Note to self: Betty’s a talker. Better not ask for directions. GoogleMaps, ahoy.

“Um, it’s Jade.” How to extricate herself?

“’Shame about the fall,” Betty said, unnecessarily. “Really put a crimp in your grandmother’s style. Told me just the other day she doesn’t think she’ll be able to come back to the house any time soon. Only bathroom is on the upper floor, and of course, there’s the steps up to the porch. Poor dear can’t even get out of bed without a walker and a nurse, and they only started letting her do that yesterday. Joe was just telling me she might be better off finding a renter who can take care of the place. He’s willing to help when he can, of course, but his back isn’t what it used to be.” A grating buzzer sounded from somewhere behind her. “Oh, that’ll be the snickerdoodles. Those are Joe’s favorites. Care to have one? I’ll be bringing a dozen by for your grandmother this afternoon.”

Ah. That explained the cinnamon-y smell wafting out of Betty’s house. “No thanks on the cookies, though they sound awesome. Thanks for letting me know where I can find Grandma.” She inched toward the porch steps.

“Oh!” Betty waved her hand in a
hold-on
gesture. “Why don’t I give you the keys Nina left with us?” Now Betty was inching into her front hall. “Of course, she’ll want you to stay at the house. Needs a breath of life in it, if you ask me. You are staying, aren’t you?”
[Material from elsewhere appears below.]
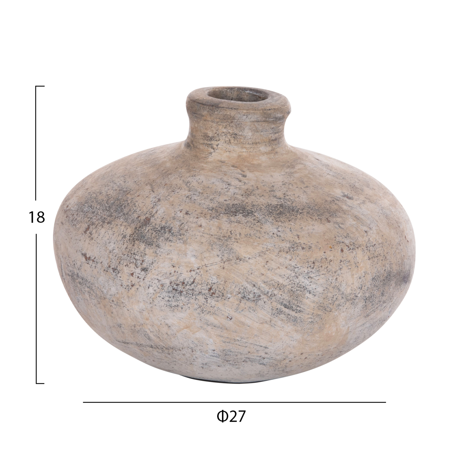 Το διακοσμητικό βάζο VERMO είναι χαμηλό και φαρδύ με μικρό στόμιο. Είναι σε παλαιωμένο (brushed) ΕΚΡΟΥ χρώμα και μπορεί να ταιριάξει οπουδήποτε το θελήσετε. Είτε στο σπίτι είτε σε επαγγελματικούς χώρους.

Jade nodded. “As long as it’s okay with Grandma. I was going to help her out for as long as she needed.”

“Oh, lovely. Nina will like that. Just a moment, dear, and I’ll get those keys.” She hurried to the kitchen. “Drop your things at the house,” she shouted to the accompaniment of the shriek-thump of an oven door and the clatter of two cookie trays being set on a stovetop. “Then you can come back over and have a cookie while I tell you how to get to Senior First.”

A minute later, Betty was back with Grandma Nina’s full ring of house and car keys. A bejeweled unicorn and a stick of pepper spray hung from the chain, along with a half-dozen keys. The unicorn had been a gift from Jilly. The pepper spray a gift from Jade.

It was just plain wrong that Grandma Nina wasn’t in possession of her own keys.

She closed her hand around them, declined the snickerdoodles again, lied through her teeth about knowing how to get to Senior First, and hightailed it off the McIntyre’s porch with a promise she’d come by for cookies another time.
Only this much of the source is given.